I sent the previous blog to my Animas Rep and she responded. She’s going to work with me to see what changes I need to make as far as WHO I will see for my D.
She’s a great, enthusiastic, Animas representative. She runs our Ping Support Group and works hard to help all of us, T1’s and T2’s. She didn’t do my training as the endo’s office required that I go to a Diabetes Education Office for pump training. My pump trainer there is fabulous but… I fought with Cigna to get the sessions paid for. I have a referral to see her again but – need to spend some time with Cigna on the phone (oh, gag…) to make sure it’s paid for. (As you know, this isn’t a cheap disease…)

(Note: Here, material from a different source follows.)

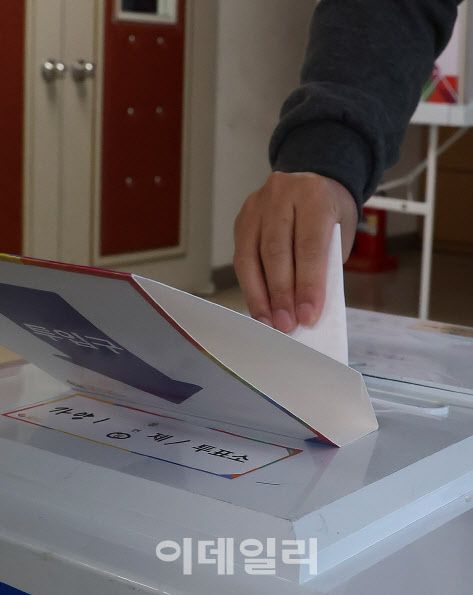 서울 강서구청장 보궐선거일인 지난 10월11일 서울 강서구 양천초등학교 체육관에 마련된 투표소를 찾은 구민들이 투표를 하고 있다.(사진=이데일리 방인권 기자)

Kelly wrote today – along with Cara – and it has given me the impetus to DO this. As I wrote A. (the rep), I’m not a doctor changing person but, I’m on my 2nd endo office in 5 years. That’s ridiculous. I have never, ever switched doctors. BUT, if this was happening to one of my children (back when they were young), I’d be out of there so fast. Why don’t I advocate for myself in the same way?
I even did better with my dad. Six years ago, when I was dx’d, dad became ill, spent weeks in the hospital and then lived the rest of his life in a nursing home. I became so fed up with his doctor that I switched dad to a new PCP. Dad wasn’t happy at first but it worked, it was a great move and the doctor, well, she was/is God’s gift to the elderly. It was the right thing to do. And dad loved her…
I don’t need to love my endo. I do need to feel like he/she is listening to me.
Now I need to go find Kelly’s and Cara’s posts so I can do the links!
Oh yeah, it’s snowing. We’ve called the plow guy to make sure he gets here early so I can get to the airport to go to Kansas City!